### TASK BRIEF
Retype nothing except the lines below from the one with "04. Η πολυχρηστική" through the one with "Fabryka Papieru Kaczory", exactly, with images left out.

### DATASET ENTRIES
————

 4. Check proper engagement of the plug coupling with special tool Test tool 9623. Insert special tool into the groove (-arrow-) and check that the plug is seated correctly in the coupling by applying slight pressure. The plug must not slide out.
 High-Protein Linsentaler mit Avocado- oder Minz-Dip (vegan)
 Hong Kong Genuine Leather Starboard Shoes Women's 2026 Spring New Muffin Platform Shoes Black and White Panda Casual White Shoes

————

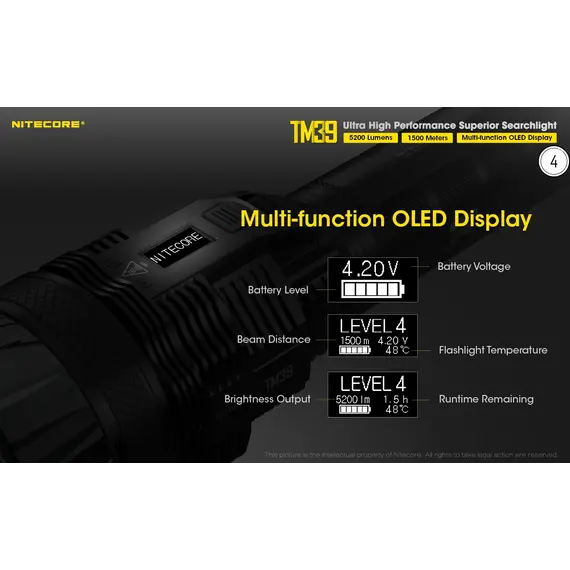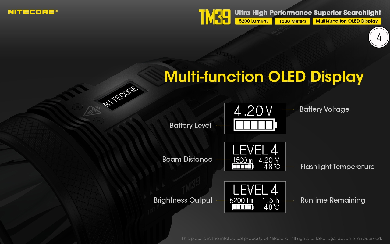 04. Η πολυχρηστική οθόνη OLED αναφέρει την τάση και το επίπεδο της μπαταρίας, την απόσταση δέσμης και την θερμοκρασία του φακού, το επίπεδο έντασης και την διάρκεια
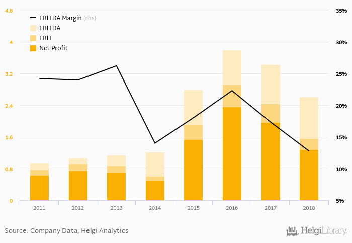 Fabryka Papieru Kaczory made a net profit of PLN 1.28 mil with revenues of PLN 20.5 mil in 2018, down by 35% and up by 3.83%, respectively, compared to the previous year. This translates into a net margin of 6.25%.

————

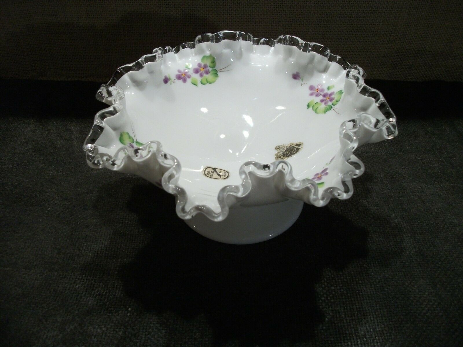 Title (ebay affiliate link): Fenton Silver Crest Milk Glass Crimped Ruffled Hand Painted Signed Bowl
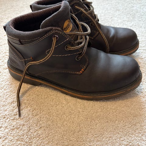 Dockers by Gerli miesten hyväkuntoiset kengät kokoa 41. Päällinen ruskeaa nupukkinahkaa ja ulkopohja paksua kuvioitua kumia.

————

### TASK RESPONSE
 04. Η πολυχρηστική οθόνη OLED αναφέρει την τάση και το επίπεδο της μπαταρίας, την απόσταση δέσμης και την θερμοκρασία του φακού, το επίπεδο έντασης και την διάρκεια
 Fabryka Papieru Kaczory made a net profit of PLN 1.28 mil with revenues of PLN 20.5 mil in 2018, down by 35% and up by 3.83%, respectively, compared to the previous year. This translates into a net margin of 6.25%.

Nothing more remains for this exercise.